Task description –
Omitting the images, transcribe the records below exactly as they stand.

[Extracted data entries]
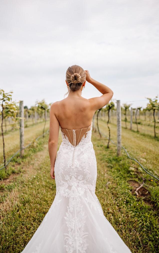 The strapless sweetheart neckline of the sheer bodice highlights the architectural corsetry, combining Old World romance with contemporary linear fashion design. The illusion tulle back with exposed boning and a single row of fabric-covered buttons highlights the bodice even further for a timeless appeal.
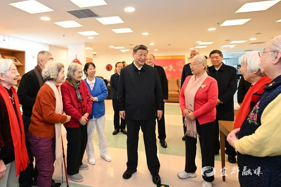 2026年2月10日上午,习近平总书记在北京市西城区“吾老·新街”养老服务街区银龄老年公寓考察时,同老人们亲切交流。新华社记者 燕雁 摄
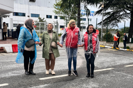 Lezita işçileriyle dayanışmaya giden kadınlara sendikacı müdahalesi
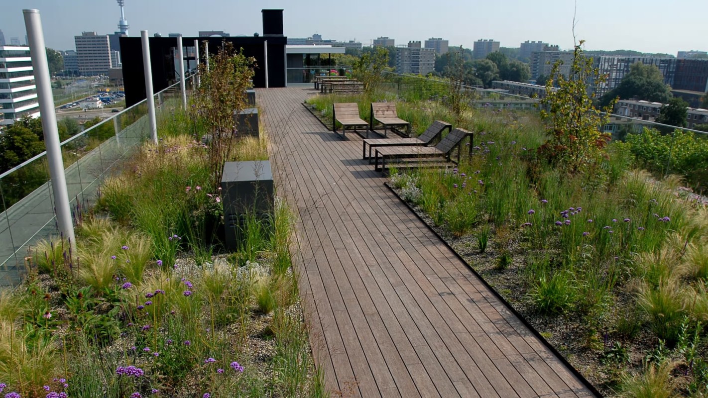 Resilio is a project installing 100,000 square feet of climate-adaptive roofing on buildings — including social housing complexes — throughout Amsterdam. This system goes a step beyond green roofing to create blue-green roofing that can store excess water, according to The Guardian.
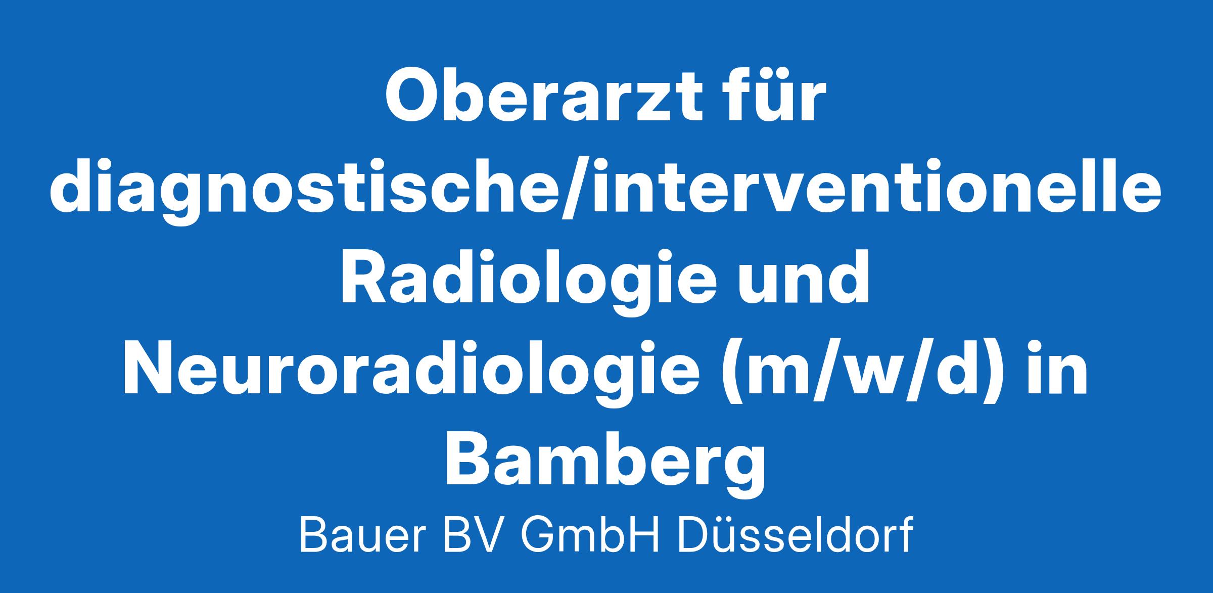 Anstellungsart(en): VollzeitIhr neuer Arbeitsplatz:Akademisches Lehrkrankenhaus mit knapp 600 Betten in der Region Bamberg. Die Klinik für Diagnostische, Interventionelle Radiologie und Neuroradiologie ist voll digitalisierte und führt alle diagnostischen und interventionellen Verfahren zentral durch.Ihre Vorteile:Moderner Arbeitsplatz mit entspr. AusstattungMRT (1,5 und 3 Tesla) und MDCT (64 und 128 Zeilen)DSA (Flachdetektor mit Cone Beam-CT)Digitales RöntgenDigitale Mammographie mit StereotaxieVerantwortungsvolle TätigkeitenMitarbeit in interventioneller Radiologie (vaskulär und nonvaskulär)Schnittbilddiagnostik stationär und ambulant (MVZ)Einarbeitung in mechanische Thrombektomie bei InteresseSupervision der AssistenzärzteFreundliches und engagiertes Team (2-5-10)Inner- und außerbetriebliche Fort- und WeiterbildungsmöglichkeitenAttraktive VergütungUnbefristete Festanstellung in Voll- oder TeilzeitIhr Profil:Facharzt (m/w/d) für RadiologieFundierte Kenntnisse inSchnittbildverfahrenKonventioneller RöntgendiagnostikInterventionelle Erfahrung oder das Interesse, dies zu erlernenEngagement und TeamfähigkeitIhr Ansprechpartner:Bauer B+V Personalberatung
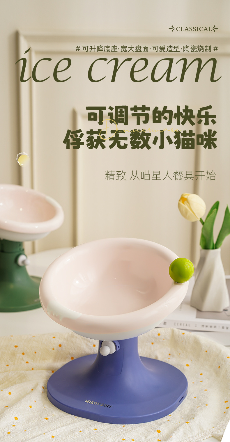✅탁상용 아이스크림 세라믹 고양이 그릇 고양이 먹이 그릇 개 그릇 틸팅 가능한 애완 동물 먹이
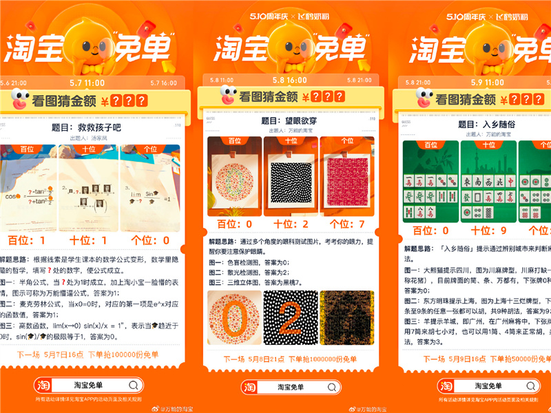 今年淘宝510周年庆在5月6日拉开序幕,淘宝冷启动上线了名为「淘宝免单」的猜题免单活动,悄悄将51元免单短信发送到了“押中题目答案”的用户手机里。不少用户以为是淘宝系统bug,在小红书、微博等社交媒体...
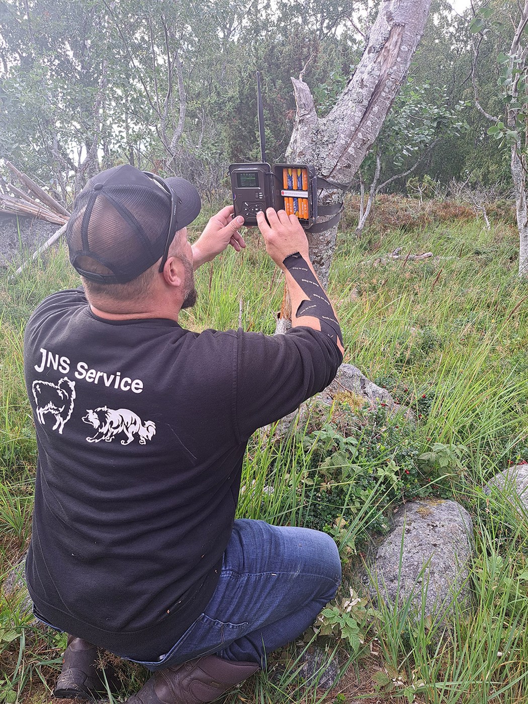 Johan Sten yfirfer stillingar á eftirlitsmyndavél. Mynd / Jóhannes Sveinbjörnsson
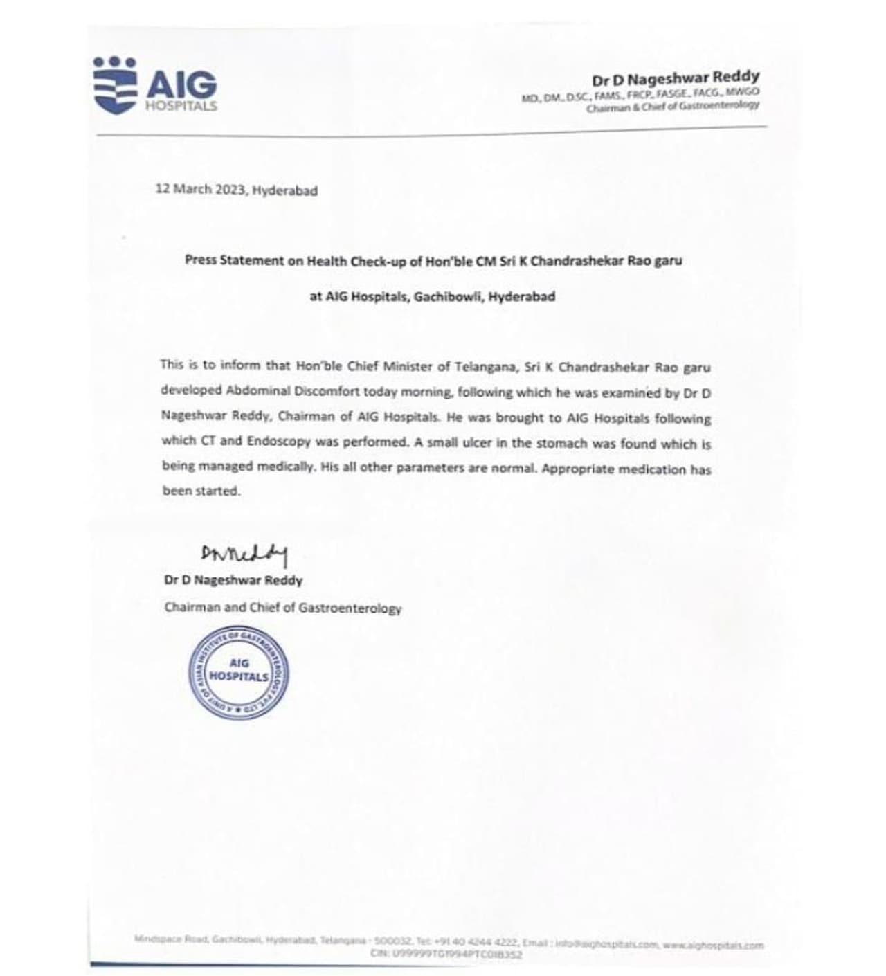‘‘తెలంగాణ ముఖ్యమంత్రి కేసీఆర్కు ఈరోజు ఉదయం పొత్తికడుపులో అసౌకర్యం ఏర్పడింది. ఏఐజీ హాస్పిటల్స్ చైర్మన్ డాక్టర్ డి నాగేశ్వర్ రెడ్డి కేసీఆర్ను పరీక్షించారు. ఆ తర్వాత ఆయనను ఏఐజీ ఆస్పత్రికి తీసుకురావడం జరిగింది. ఆస్పత్రిలో కేసీఆర్కు సీటీ, ఎండోస్కోపీ చేశారు. కడుపులో ఒక చిన్న అల్సర్క కనుగొనబడింది. అది మందులతో తగ్గిపోతుంది. ఆయన మిగిలిన అన్ని పారామిటర్స్ సాధారణంగా ఉన్నాయి. తగిన మెడికేషన్ ఇవ్వడం ప్రారంభించబడింది’’ అని ఏఐజీ ఆస్పత్రి పేర్కొంది.
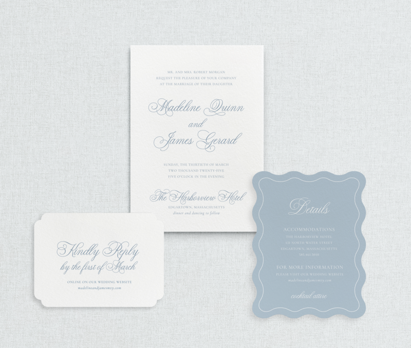 offering the same high-end design style & luxury materials as custom invitations but built from pre-designed
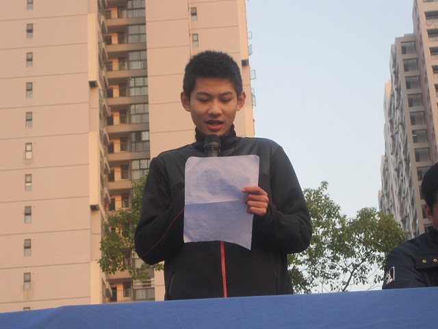 随后,年级主任汪国荣老师发言。他首先对年级前一阶段取得的成绩作了小结,然后,他以“培养好习惯”为话题,号召同学们戒骄戒躁,不断改进学习方法,提高学习效率,力争取得优异的成绩。汪主任讲话,鼓舞人心,催人猛醒,场下的同学不时与他激情互动,场面之热烈,令人感动。
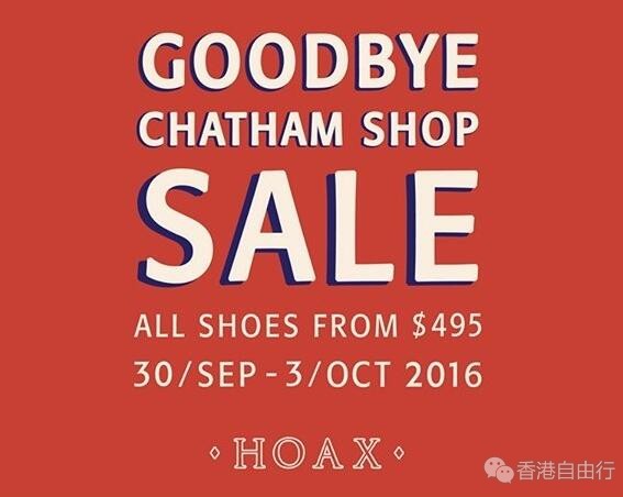 为答谢顾客多年来支持,HOAX 漆咸道店将于结业前举行近年最後一个大型Sale,为期4天(9月30日- 10月3日),届时将有大量西装礼服鞋款低至4折发售,同时亦有不少休闲款式割价发售,全部价钱由$495起,数量及尺码非常有限,随时售罄!
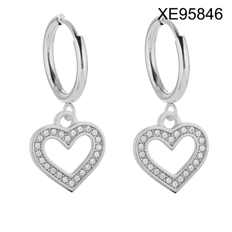 Home > Level B Stainless Steel New Trendy Women Jewelry Heart Steel color Mother's Day Hoop Earrings
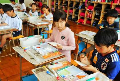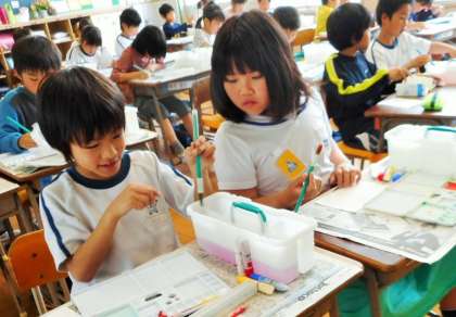 原色(赤・青・黄色・白)を混ぜ合わせてできる色遊びをやっていました。きれいな色ができた子供たちは大喜びでした。
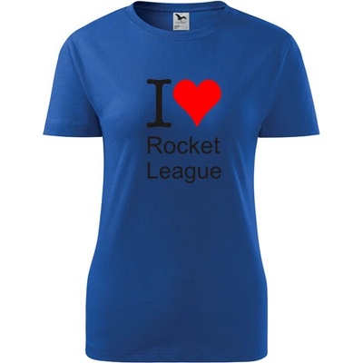 Modré dámské tričko I love Rocket League. nabízené velikosti jsou S,M,L,XL,XXL. Výběr z 12ti barev. Tričko patří do kategorií Trička I love závodní hry - dámská, Dárek pro...
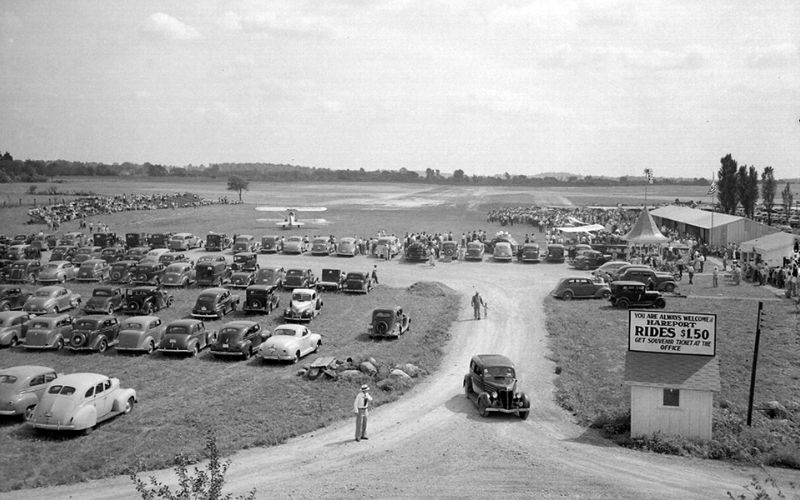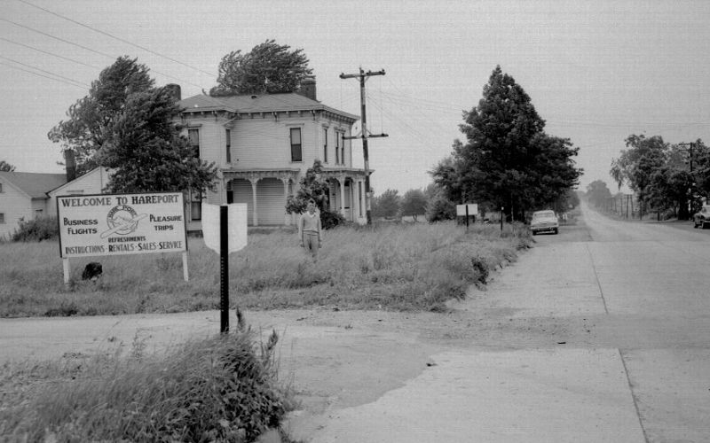 The privately owned Hareport opened on August 18, 1946. Highlights included a Lockheed P-80 “Shooting Star” flyover and a formation of P-47 Thunderbolts and B-25 Bombers from Lockbourne Air Base in Columbus. The airport was first managed by Keith Gimson, a former WWII Air Force Captain from Ypsilanti, Michigan. Hareport also had a canine mascot, “Fritz”, a German Shepherd, who served in the K-9 Corps with an honorable record.

Result –
 The strapless sweetheart neckline of the sheer bodice highlights the architectural corsetry, combining Old World romance with contemporary linear fashion design. The illusion tulle back with exposed boning and a single row of fabric-covered buttons highlights the bodice even further for a timeless appeal.
 2026年2月10日上午,习近平总书记在北京市西城区“吾老·新街”养老服务街区银龄老年公寓考察时,同老人们亲切交流。新华社记者 燕雁 摄
 Lezita işçileriyle dayanışmaya giden kadınlara sendikacı müdahalesi
 Resilio is a project installing 100,000 square feet of climate-adaptive roofing on buildings — including social housing complexes — throughout Amsterdam. This system goes a step beyond green roofing to create blue-green roofing that can store excess water, according to The Guardian.
 Anstellungsart(en): VollzeitIhr neuer Arbeitsplatz:Akademisches Lehrkrankenhaus mit knapp 600 Betten in der Region Bamberg. Die Klinik für Diagnostische, Interventionelle Radiologie und Neuroradiologie ist voll digitalisierte und führt alle diagnostischen und interventionellen Verfahren zentral durch.Ihre Vorteile:Moderner Arbeitsplatz mit entspr. AusstattungMRT (1,5 und 3 Tesla) und MDCT (64 und 128 Zeilen)DSA (Flachdetektor mit Cone Beam-CT)Digitales RöntgenDigitale Mammographie mit StereotaxieVerantwortungsvolle TätigkeitenMitarbeit in interventioneller Radiologie (vaskulär und nonvaskulär)Schnittbilddiagnostik stationär und ambulant (MVZ)Einarbeitung in mechanische Thrombektomie bei InteresseSupervision der AssistenzärzteFreundliches und engagiertes Team (2-5-10)Inner- und außerbetriebliche Fort- und WeiterbildungsmöglichkeitenAttraktive VergütungUnbefristete Festanstellung in Voll- oder TeilzeitIhr Profil:Facharzt (m/w/d) für RadiologieFundierte Kenntnisse inSchnittbildverfahrenKonventioneller RöntgendiagnostikInterventionelle Erfahrung oder das Interesse, dies zu erlernenEngagement und TeamfähigkeitIhr Ansprechpartner:Bauer B+V Personalberatung
✅탁상용 아이스크림 세라믹 고양이 그릇 고양이 먹이 그릇 개 그릇 틸팅 가능한 애완 동물 먹이
 今年淘宝510周年庆在5月6日拉开序幕,淘宝冷启动上线了名为「淘宝免单」的猜题免单活动,悄悄将51元免单短信发送到了“押中题目答案”的用户手机里。不少用户以为是淘宝系统bug,在小红书、微博等社交媒体...
 Johan Sten yfirfer stillingar á eftirlitsmyndavél. Mynd / Jóhannes Sveinbjörnsson
‘‘తెలంగాణ ముఖ్యమంత్రి కేసీఆర్కు ఈరోజు ఉదయం పొత్తికడుపులో అసౌకర్యం ఏర్పడింది. ఏఐజీ హాస్పిటల్స్ చైర్మన్ డాక్టర్ డి నాగేశ్వర్ రెడ్డి కేసీఆర్ను పరీక్షించారు. ఆ తర్వాత ఆయనను ఏఐజీ ఆస్పత్రికి తీసుకురావడం జరిగింది. ఆస్పత్రిలో కేసీఆర్కు సీటీ, ఎండోస్కోపీ చేశారు. కడుపులో ఒక చిన్న అల్సర్క కనుగొనబడింది. అది మందులతో తగ్గిపోతుంది. ఆయన మిగిలిన అన్ని పారామిటర్స్ సాధారణంగా ఉన్నాయి. తగిన మెడికేషన్ ఇవ్వడం ప్రారంభించబడింది’’ అని ఏఐజీ ఆస్పత్రి పేర్కొంది.
 offering the same high-end design style & luxury materials as custom invitations but built from pre-designed
 随后,年级主任汪国荣老师发言。他首先对年级前一阶段取得的成绩作了小结,然后,他以“培养好习惯”为话题,号召同学们戒骄戒躁,不断改进学习方法,提高学习效率,力争取得优异的成绩。汪主任讲话,鼓舞人心,催人猛醒,场下的同学不时与他激情互动,场面之热烈,令人感动。
 为答谢顾客多年来支持,HOAX 漆咸道店将于结业前举行近年最後一个大型Sale,为期4天(9月30日- 10月3日),届时将有大量西装礼服鞋款低至4折发售,同时亦有不少休闲款式割价发售,全部价钱由$495起,数量及尺码非常有限,随时售罄!
 Home > Level B Stainless Steel New Trendy Women Jewelry Heart Steel color Mother's Day Hoop Earrings
 原色(赤・青・黄色・白)を混ぜ合わせてできる色遊びをやっていました。きれいな色ができた子供たちは大喜びでした。
 Modré dámské tričko I love Rocket League. nabízené velikosti jsou S,M,L,XL,XXL. Výběr z 12ti barev. Tričko patří do kategorií Trička I love závodní hry - dámská, Dárek pro...
 The privately owned Hareport opened on August 18, 1946. Highlights included a Lockheed P-80 “Shooting Star” flyover and a formation of P-47 Thunderbolts and B-25 Bombers from Lockbourne Air Base in Columbus. The airport was first managed by Keith Gimson, a former WWII Air Force Captain from Ypsilanti, Michigan. Hareport also had a canine mascot, “Fritz”, a German Shepherd, who served in the K-9 Corps with an honorable record.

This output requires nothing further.